1. From Space.com: Today is a special day in space history. Russian cosmonaut Yuri Gagarin achieved the first human spaceflight on April 12, 1961. The U. S. has reason to celebrate at well: NASA’s first shuttle mission launched on April 12, 1981. Around the world, many will celebrate Yuri’s Night to mark the anniversary. Aboard the International Space Station, the U. S., Russian and European crew will slow the pace of activities as well and celebrate with special meals.
A. From Spacepolicyonline.com: “Yuri’s Night,” an global recognition of Gagarin’s achievement, will be marked tonight with celebrations in major cities around the world. Here’s a list of places.
2. From Nature.com: An ancient Mars swimming in water? Perhaps, not. Scientists are beginning to challenge the belief and embrace a new model: Mars has always been dominated by the cold, dry conditions evidenced today — possibly interspersed with brief bursts of wet conditions. Recent satellite discoveries of surface clay on Mars, a mineral that forms in water on the Earth, are failing to show they are abundant enough to support the water assumption.
A. From Spaceflightnow.com: Russia’s space agency signals it will sign a formal agreement with the European Space Agency by the end of this year outlining participation in ESA’s Exo-Mars missions scheduled for launches in 2016 and 2018. These are the missions NASA retreated from to deal with budget constraints.
3. From the Los Angeles Times: In North Korea, the controversial launch of a rocket to commemorate the 100th anniversary of the nation’s founder appeared imminent early Thursday. Neighboring nations and the United States have urged North Korea to cancel the flight of what they allege is a veiled test of an intercontinental ballistic missile. “We don’t really care about the opinions from the outside. This is critical in order to develop our national economy,” said one North Korean official.
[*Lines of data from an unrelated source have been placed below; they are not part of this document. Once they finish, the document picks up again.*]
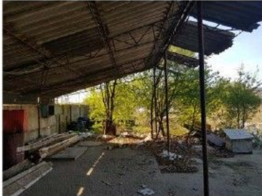
Cladire C6 - Sopron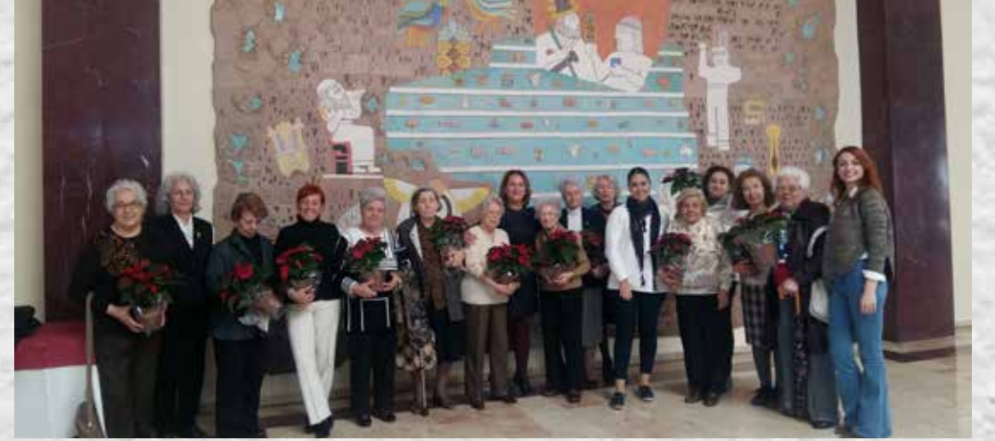
İZMİR BAĐIŐÇILARIMIZLA BİRLİKTE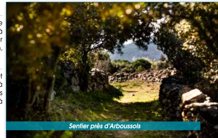
Sentier près d'Arboussols

6 Tournez sur votre gauche et continuez sur 750 mètres jusqu'à l'intersection laissée à l'aller, puis retraversez le pont pour revenir à votre point de départ.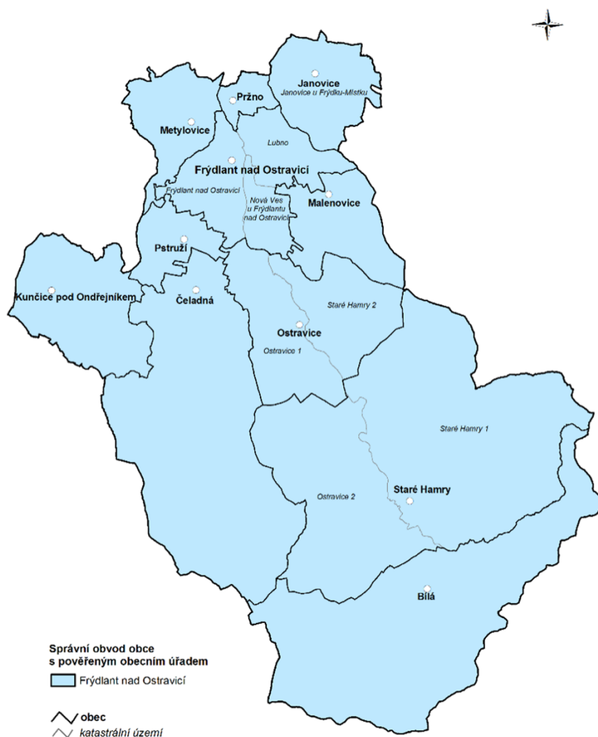
Obrázek 1 Zapojené obce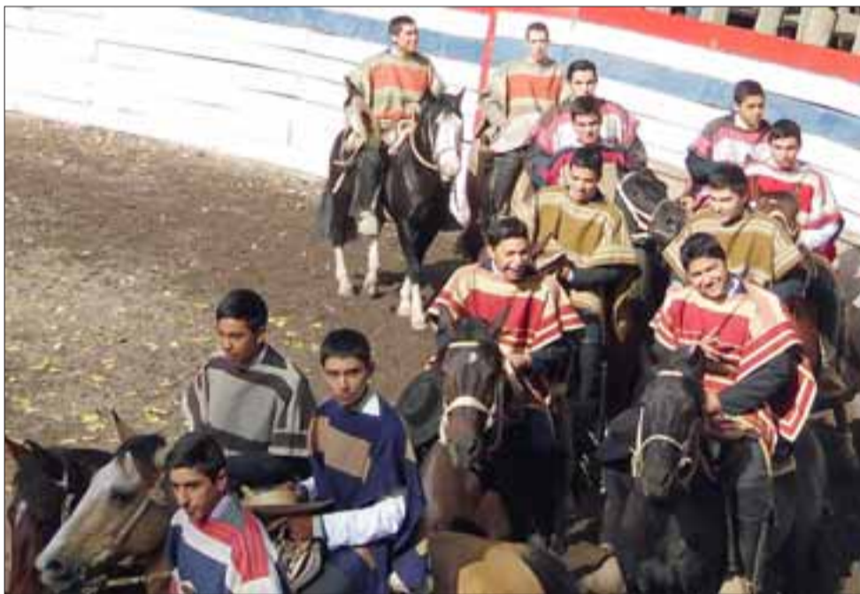
COLLERAS INDUSTRIALINAS.- Ellos son la delegación que en 2016 nos representó y que este año regresan a Duao para hacerse respetar con sus colleras.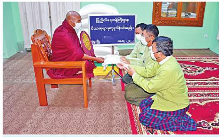
ဆရာတော်ထံ ပြည်ထဲရေးဝန်ကြီးဌာနမှ တာဝန်ရှိသူများက ဆွမ်းဆန်တော်များ ဆက်ကပ်လှူဒါန်းစဉ်။

နေပြည်တော် ဒီဇင်ဘာ ၁၄ ကိုဗစ်-၁၉ ရောဂါ ကြိုတင်ကာကွယ်ရေး လုပ်ငန်းများဆောင်ရွက်နေသည့် ကာလ အတွင်း ဆွမ်းကိစ္စရပ်များ အဆင်ပြေစေရန် ရည်ရွယ်၍ တပ်မတော်(ကြည်း၊ ရေ၊ လေ) အရာရှိ၊ စစ်သည်၊ အရာထမ်း၊ အမှုထမ်း များနှင့် စေတနာရှင်အလှူရှင်များက မြို့နယ်အသီးသီးရှိ ဘုန်းတော်ကြီးကျောင်း များ၊ သာသနာ့ဓနဝင်သီလရှင်ကျောင်း များ၊ ဘာသာရေးကျောင်းများနှင့် ဘိုးဘွား ရိပ်သာများသို့ ဆွမ်းဆန်တော်၊ ဆီ၊ ဆား၊ ပဲ အမည်လေးမျိုးနှင့် လှူဖွယ်ပစ္စည်းများ လှူဒါန်းခြင်း၊ နေဆွမ်းများဆက်ကပ် လှူဒါန်းခြင်းနှင့် လိုအပ်သည့် ကျန်းမာရေး စစ်ဆေးကုသပေးခြင်းများကို ဆောင်ရွက် လျက်ရှိသည်။ ထိုသို့ဆောင်ရွက်လျက်ရှိရာ ယနေ့တွင် ရှမ်းပြည်နယ်(မြောက်ပိုင်း) လောက်ကိုင် မြို့ရှိ မြို့လည်ကျောင်းတိုက်၊ ကွတ်ခိုင်မြို့ရှိ တောင်တန်းဒေသထေရဝါဒ ဗုဒ္ဓသာသနာပြု ဝေယံဘုံသာကျောင်းတိုက်နှင့် တန့်ယန်းမြို့ ရှိ နယ်စပ်ဒေသတောင်တန်းသာသနာပြု ရွှေမောင်းသာသနာပုဏ္ဏ သီလရှင်စာသင် တိုက်၊ ရှမ်းပြည်နယ်(တောင်ပိုင်း) ကွေးသီး မြို့ရှိ လွယ်ပေါ်ဘုန်းတော်ကြီးကျောင်းနှင့် ကွန်တိုင်းမြို့ရှိ အောင်မင်္ဂလာစာသင်တိုက်၊ ဖွန်ပြည်နယ် သထုံမြို့နယ်ရှိ ဘုရားလေး ပရိယတ္တိစာသင်တိုက်၊ ရန်ကုန်တိုင်း ဒေသကြီးအတွင်းရှိ မြို့နယ်များမှ ဘုန်းတော်ကြီးကျောင်း ၁၀ ကျောင်း၊ ဧရာဝတီတိုင်းဒေသကြီး ပုသိမ်မြို့ရှိ မင်္ဂလာစာသင်တိုက်၊ ရခိုင်ပြည်နယ်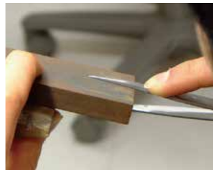
基礎工具の整備・調整

【使用教材(予定)】 ・CITIZEN82(自動巻き機械式時計) ・SEIKO 7N43C(クォーツ時計)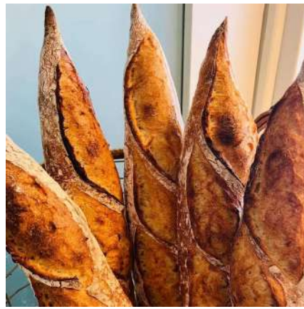
⑪THE BREAD BAR(ザ・ブレッドバー):仙台市若林区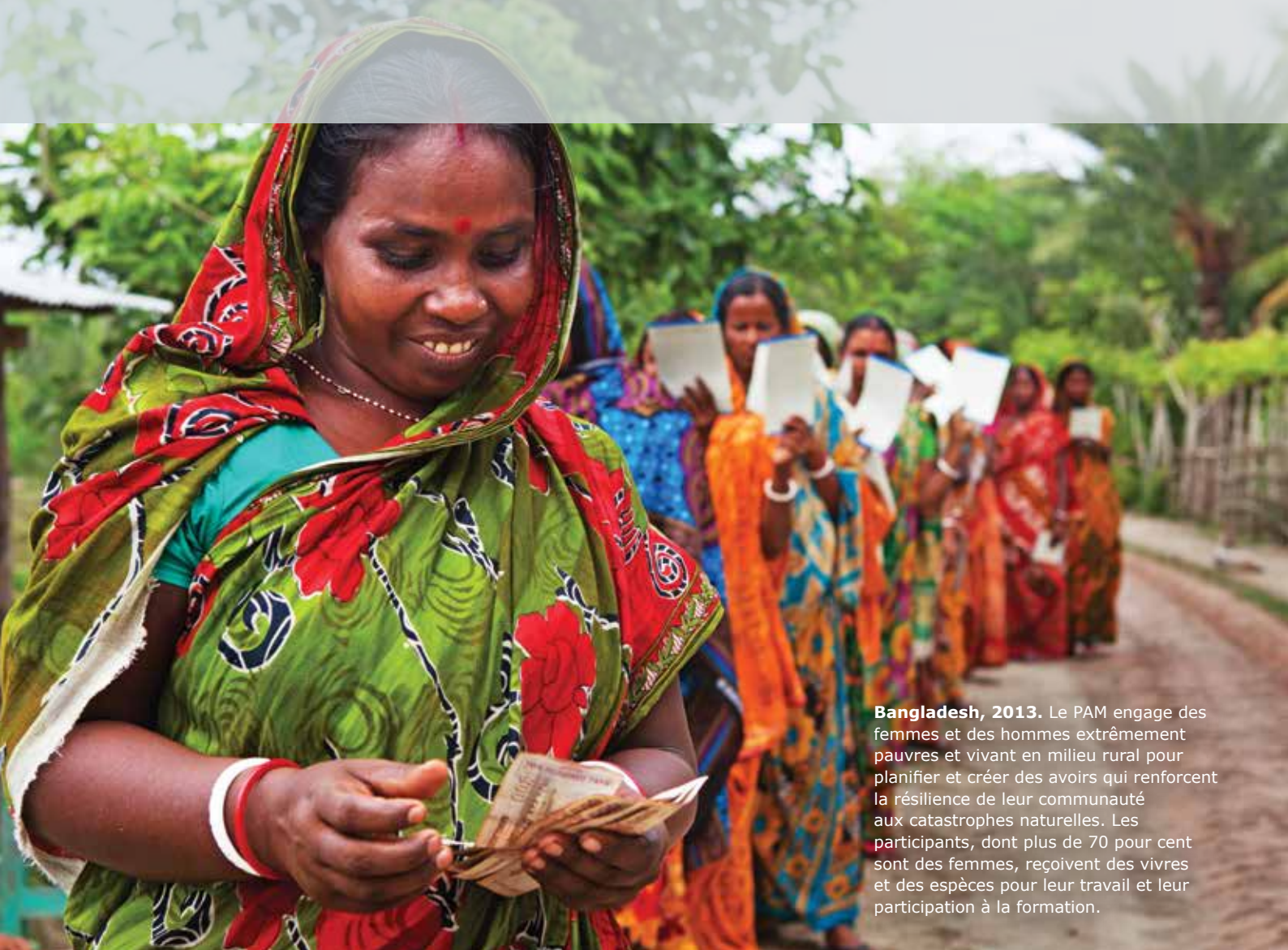
Bangladesh, 2013. Le PAM engage des femmes et des hommes extrêmement pauvres et vivant en milieu rural pour planifier et créer des avoirs qui renforcent la résilience de leur communauté aux catastrophes naturelles. Les participants, dont plus de 70 pour cent sont des femmes, reçoivent des vivres et des espèces pour leur travail et leur participation à la formation.

Les principales caractéristiques de la stratégie du PAM en matière de partenariat sont les suivantes: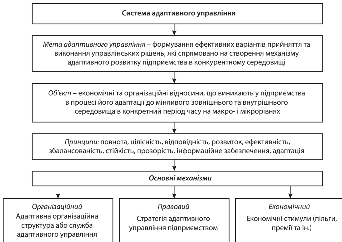
Рис. 1. Система адаптивного управління

Об'єктом системи адаптивного управління виступають економічні та організаційні відносини, що виникають у підприємства в процесі його адаптації до мінливого зовнішнього та внутрішнього середовища в конкретний період часу на макро- і мікрорівнях.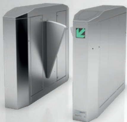
MPR с лепестковыми створкам

Скоростное решение: Лепестковые створки из пенополиуретана или акрилового стекла с чрезвычайно быстрым временем открытия.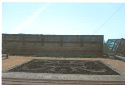
Vista de la cerámica de los sotabalcones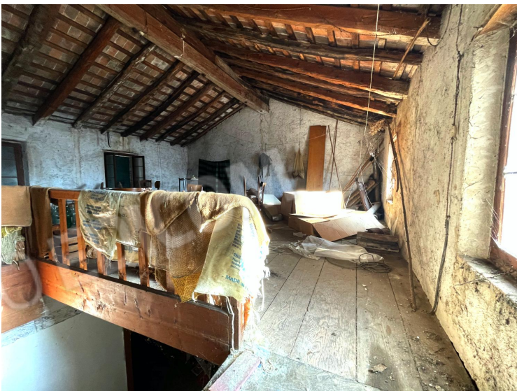
Soffitta (secondo piano)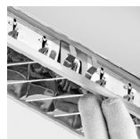
Óptica con sistema Clip-in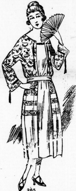
285. Kleid aus G. u. u. Tuch mit Taillenteil und Rockblenden aus Wiener Bärklätten-Seide. Die Schmitze sind in 96 und 104 cm Oberweite vorrätig.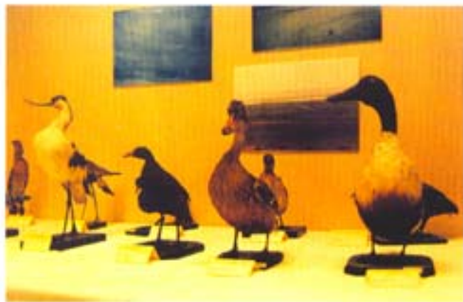
Sala central de Exposiciones del Centro Cultural Rio Héro del Ayuntamiento de Zaragoza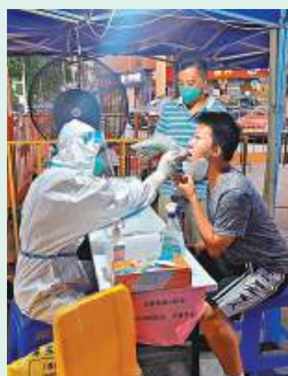
◆福田居民排隊做核酸。

目前，福田區社區小區、城中村自6月25日0時起，暫行3天封閉式管理措施，後續根據疫情防務形勢動態調整。各類卡口24小時值守，嚴格執行體溫必測、口罩必戴、查驗24小時核酸陰性證明或24小時內核酸採樣紀錄，居民進出須在「電子哨兵」打卡登記或掃「場所碼」。全面實行「居民白名單」管理，非本小區、城中村居民謝絕進入。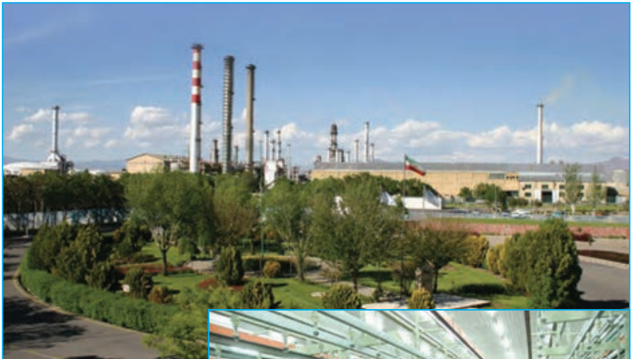
شکل ۲۷-۵- پتروشیمی تبریز

استقرار کارخانه‌های بزرگ صنعتی نظیر: ماشین‌سازی، تراکتور سازی، ایدم، بنیان دیزل، بلبرینگ‌سازی، پیستون‌سازی، لیفتراک‌سازی، پتروشیمی، پالایشگاه، فولادگستر سهند، فولاد میانه، فولاد شاهین بناب، مجتمع عظیم مس سونگون و ده‌ها کارخانه تولیدی بزرگ دیگر در استان ما، باعث شده است این استان موقعیت صنعتی مناسبی به‌ویژه در غرب و شمال غرب کشور بیابد.

Efforts in 1998, 2006 and 2009 by North Korea to carry out a rocket launch either failed entirely or were unsuccessful in the final stage.
4. From Space.com: SpaceX founder Elon Musk strikes a late night TV cord this week with an appearance on The Daily Show to discuss the upcoming Falcon 9/Dragon mission. Tentatively set for an April 30 lift off, Dragon could become the first commercial supply craft to reach the six person International Space Station.
A. From the Huntsville Times: At NASA’s Marshall Space Flight Center, an official acknowledges the “differences” that the agency’s spacecraft designers and those from the private sector share over human safety requirements. Gene Goldman, Marshal’s acting director, notes the differences in luncheon remarks this week.
5. From Spaceflightnow.com: At the Wallops Flight Facility in Virginia, Orbital Sciences rolls the first stage of its Antares rocket to a launch pad for fit checks. Like SpaceX, Orbital has signed agreements with NASA to deliver cargo to the six person International Space Station. A demonstration flight is planned later this year.
6. From The Washington Post: NASA challenges university students to participate in the design of planetary habitats for astronauts. The 2013 Exploration Habitat (X-Hab) Academic Innovation Challenge is part of an initiative to create interest in math and the sciences.
7. From MSNBC and The Cosmic Log: In Scotland, brewers look to a small experiment underway aboard the International Space Station to improve the quality of their Scotch whiskey. The experiment, which arrived on the station last year, has received some publicity recently.